> [Work to complete]:
Only the pictures stay out; please return all the entries below exactly as written.

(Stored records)
══════════════════════════════
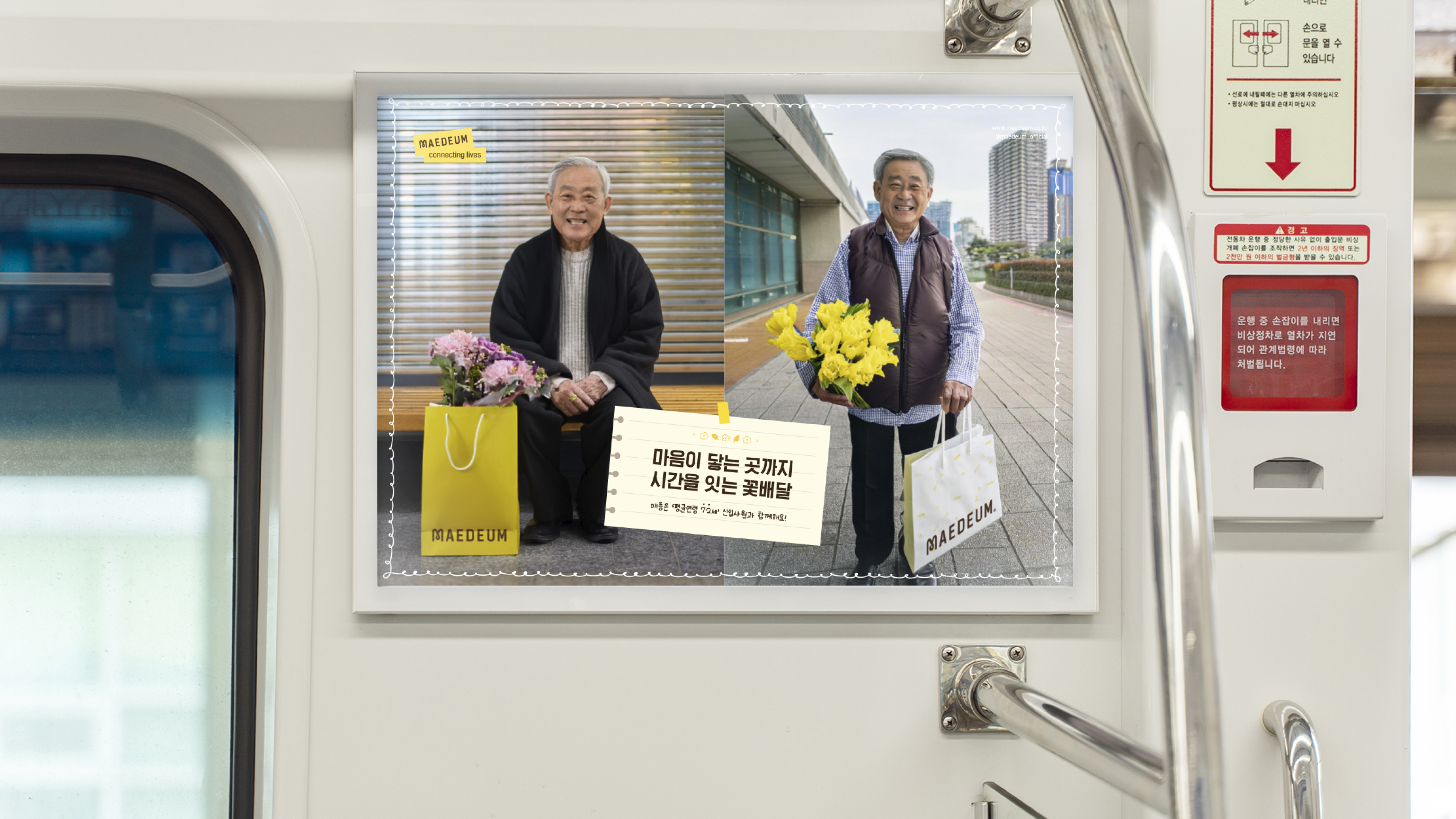 가치 추구의 패러다임을 바탕으로 DEI(다양성, 형평성, 포용성)를 경쟁력으로 삼고 있는 'MAEDEUM'은 특히 시니어 일자리에 집중한다. 'MAEDEUM'는 기존 시니어 배달일자리와 달리 단순한 일자리 창출에 그치지 않는다. 배달의 기능을 넘어 브랜드의 가치를 전면에 내세워 소비자와 적극적인 커뮤니티를 형성하고, 새로운 가치 소비를 제안한다. 더 나아가 시니어와 소비자 간 직접 소통을 통해 '조화로움'의 가치를 더하고, 소비를 통해 얻는 확장된 경험을 제공한다. '세대 간 조화'라는 브랜드 비전을 직접적으로 드러내고자 손을 맞잡는 모습에서 확장된 키비주얼을 통해 재치있고 활기찬 시니어의 이미지로 인식될 수 있도록 개발되었다.
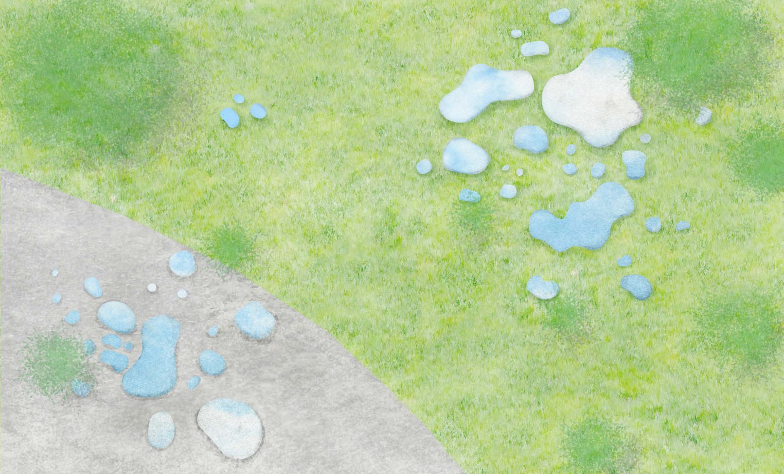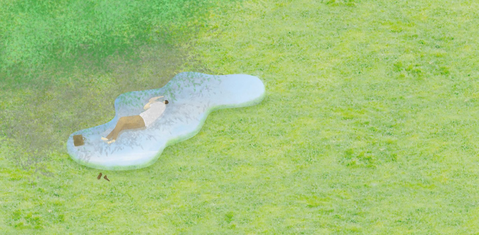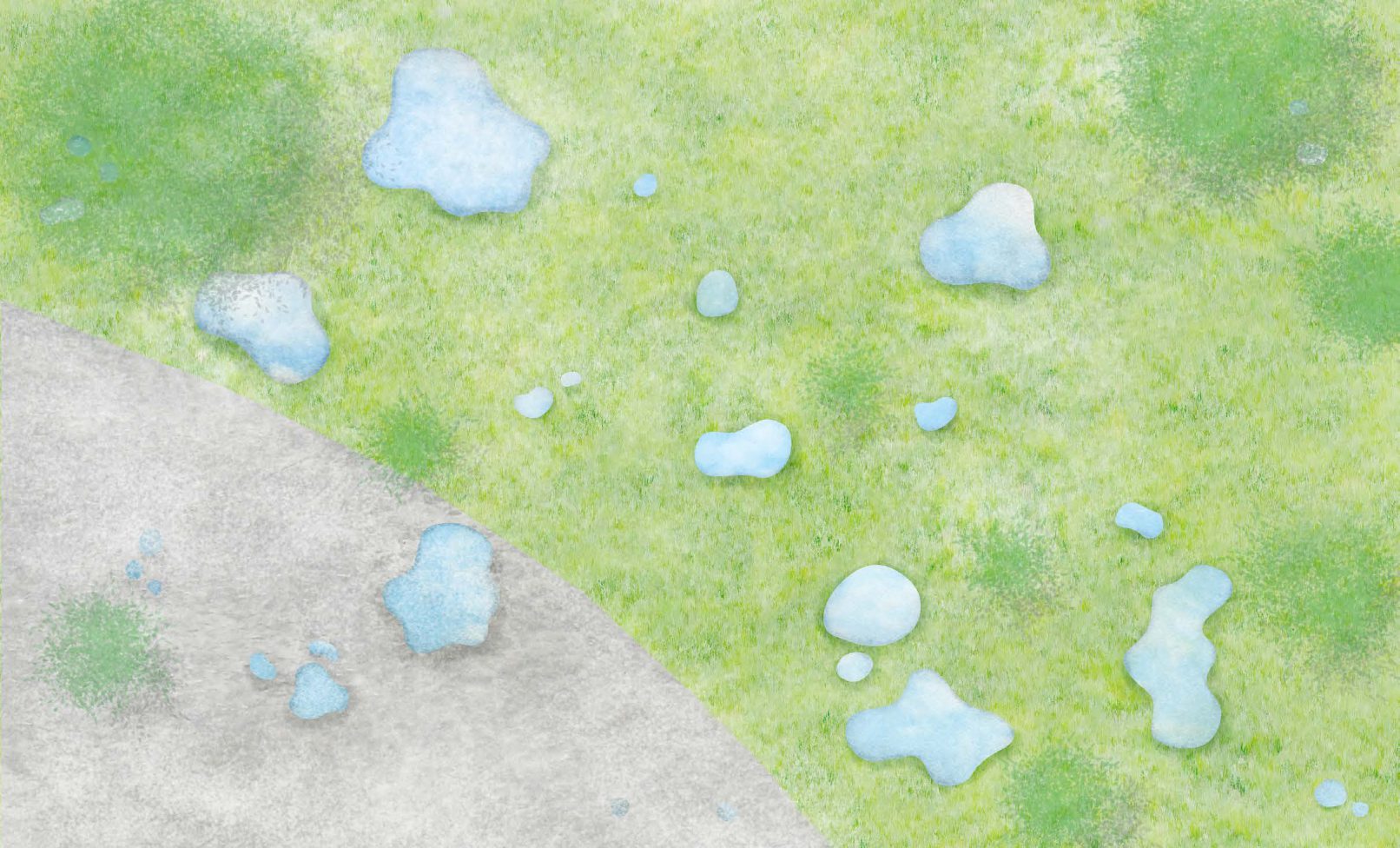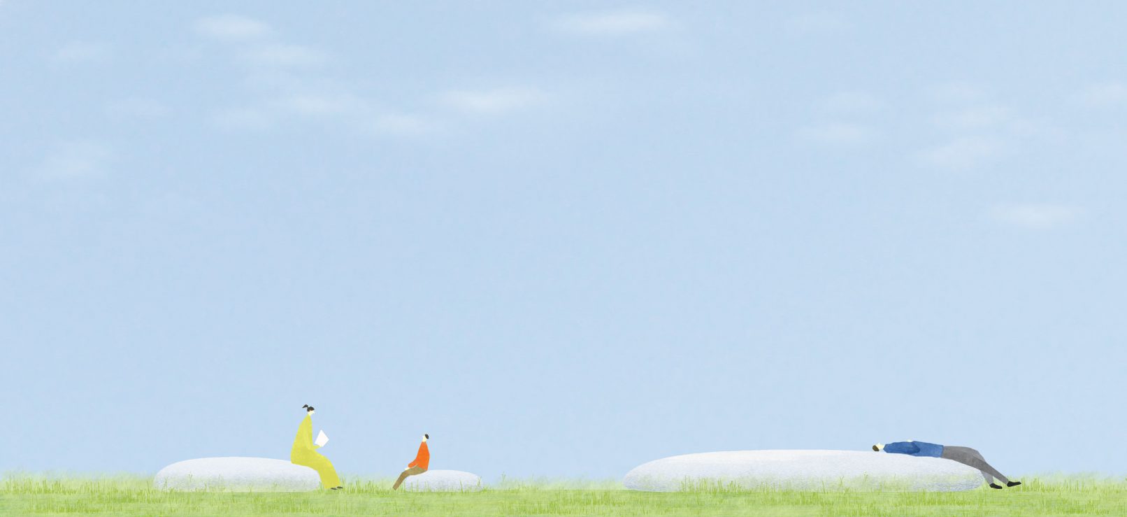 水滴のような家具をつくる。大きなものはベットやソファーのように、小さなものはスツールのようになる。半鏡面仕上げとすることで風景が柔らかく映り込む。集めたり分散させたりすることで、緑地の中に様々な場所や空間ができる。
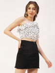 Features: single shoulder, elbow sleeve, cropped length, frilled pattern, body fitted, lightweight and all over printed pattern
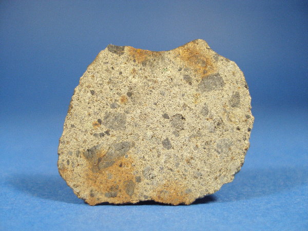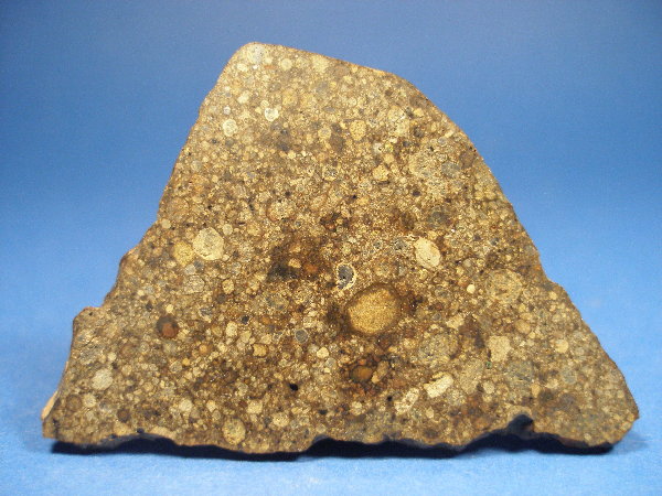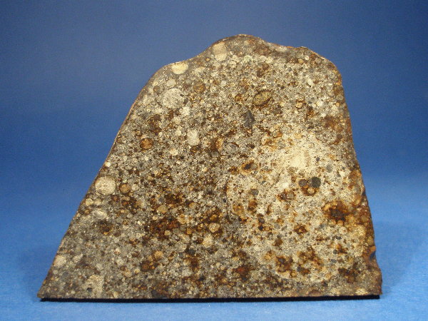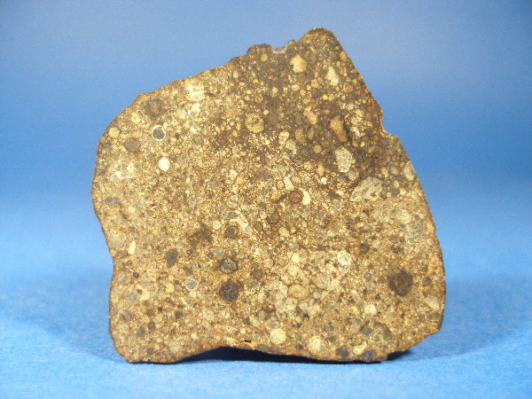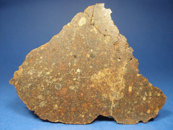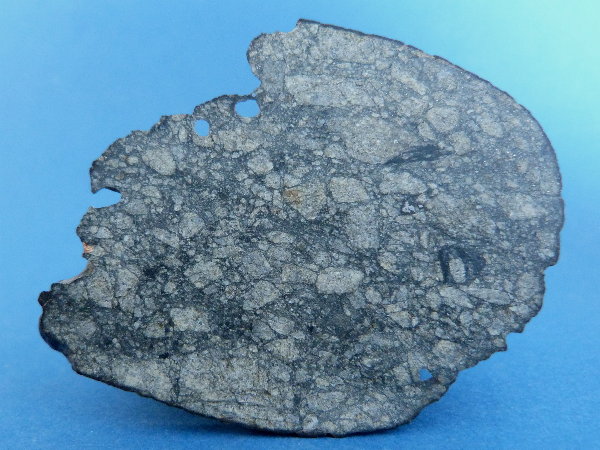 Der Meteorit enthält Forsterit (Fa27.7) und Pyroxen (Fs23.4Wo1.7). In der hier vorliegenden Scheibe ist ein 30 mm großer, runder, Mg-Ca-reicher Einschluss zu sehen. Es handelt sich um eine extrem große Chondre. Gut erkennbar sind bis zu 3 mm lange Pyroxen-Kristalle in der Chondre. Schockstadium S2, Verwitterungsgrad W2.
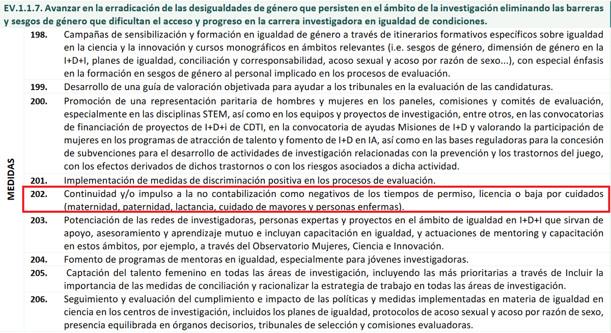 La única mención que hay en ese punto sobre bajas de paternidad es un pequeño punto dentro del apartado EV 1.1.7, que no hace referencia al entorno laboral, sino al de investigación académica, y no habla solo de bajas paternales, sino también maternales y cuidados a mayores.
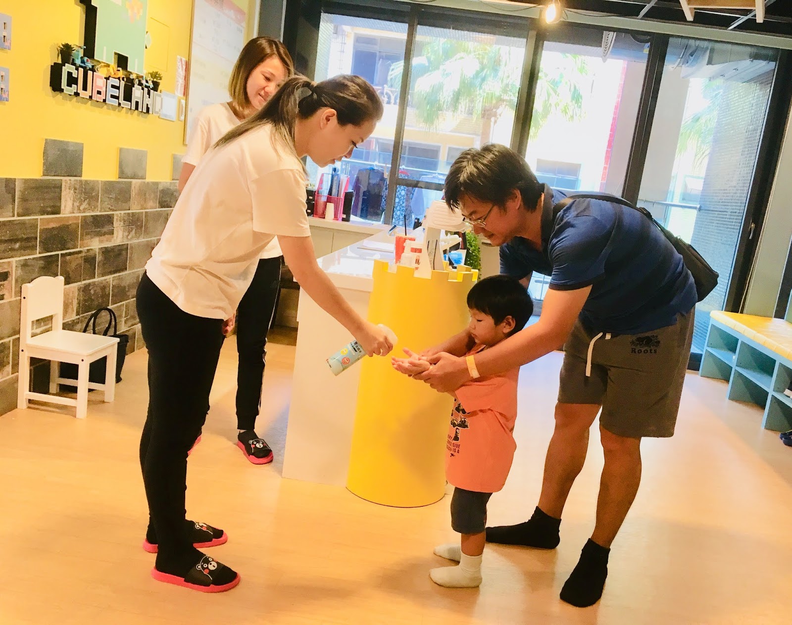 為維護公共衛生和個人維生,服務人員建議我們入園前先如廁洗手,幫我們量體溫及消毒手部,並提醒大人、小孩都需要穿著襪子才能進場喔。
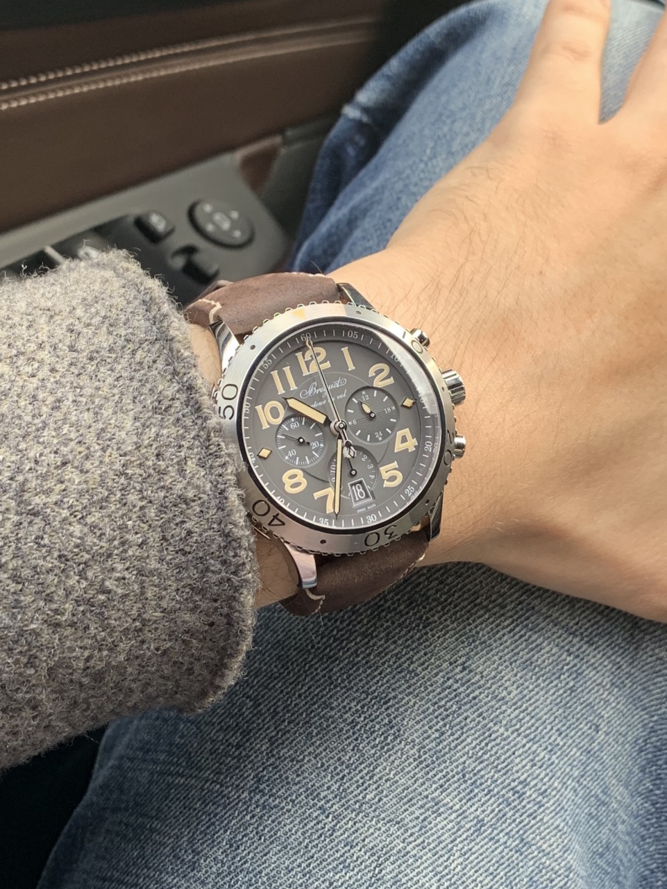 Фотографии, как это часто бывает с часами, не вполне передают) цифер в реале гораздо интереснее, чем на фото) на мой скромный вкус, в линейке пилотов бреге эти часы наиболее симпатичные по дизайну)
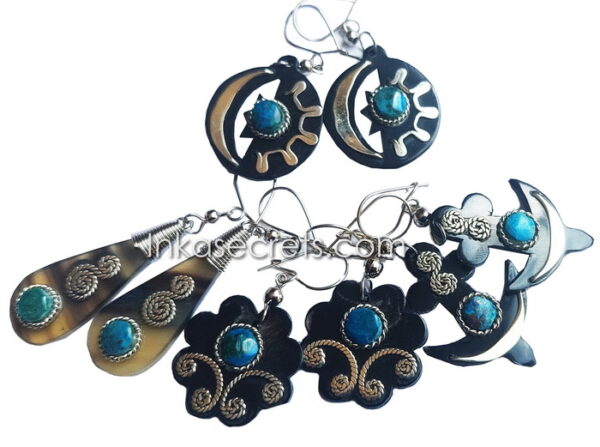 • Peruvian Bull’s Horn Earrings with Semi-Precious Stone.
══════════════════════════════
> [Task response]:
 가치 추구의 패러다임을 바탕으로 DEI(다양성, 형평성, 포용성)를 경쟁력으로 삼고 있는 'MAEDEUM'은 특히 시니어 일자리에 집중한다. 'MAEDEUM'는 기존 시니어 배달일자리와 달리 단순한 일자리 창출에 그치지 않는다. 배달의 기능을 넘어 브랜드의 가치를 전면에 내세워 소비자와 적극적인 커뮤니티를 형성하고, 새로운 가치 소비를 제안한다. 더 나아가 시니어와 소비자 간 직접 소통을 통해 '조화로움'의 가치를 더하고, 소비를 통해 얻는 확장된 경험을 제공한다. '세대 간 조화'라는 브랜드 비전을 직접적으로 드러내고자 손을 맞잡는 모습에서 확장된 키비주얼을 통해 재치있고 활기찬 시니어의 이미지로 인식될 수 있도록 개발되었다.
 水滴のような家具をつくる。大きなものはベットやソファーのように、小さなものはスツールのようになる。半鏡面仕上げとすることで風景が柔らかく映り込む。集めたり分散させたりすることで、緑地の中に様々な場所や空間ができる。
 Features: single shoulder, elbow sleeve, cropped length, frilled pattern, body fitted, lightweight and all over printed pattern
 Der Meteorit enthält Forsterit (Fa27.7) und Pyroxen (Fs23.4Wo1.7). In der hier vorliegenden Scheibe ist ein 30 mm großer, runder, Mg-Ca-reicher Einschluss zu sehen. Es handelt sich um eine extrem große Chondre. Gut erkennbar sind bis zu 3 mm lange Pyroxen-Kristalle in der Chondre. Schockstadium S2, Verwitterungsgrad W2.
 La única mención que hay en ese punto sobre bajas de paternidad es un pequeño punto dentro del apartado EV 1.1.7, que no hace referencia al entorno laboral, sino al de investigación académica, y no habla solo de bajas paternales, sino también maternales y cuidados a mayores.
 為維護公共衛生和個人維生,服務人員建議我們入園前先如廁洗手,幫我們量體溫及消毒手部,並提醒大人、小孩都需要穿著襪子才能進場喔。
 Фотографии, как это часто бывает с часами, не вполне передают) цифер в реале гораздо интереснее, чем на фото) на мой скромный вкус, в линейке пилотов бреге эти часы наиболее симпатичные по дизайну)
 • Peruvian Bull’s Horn Earrings with Semi-Precious Stone.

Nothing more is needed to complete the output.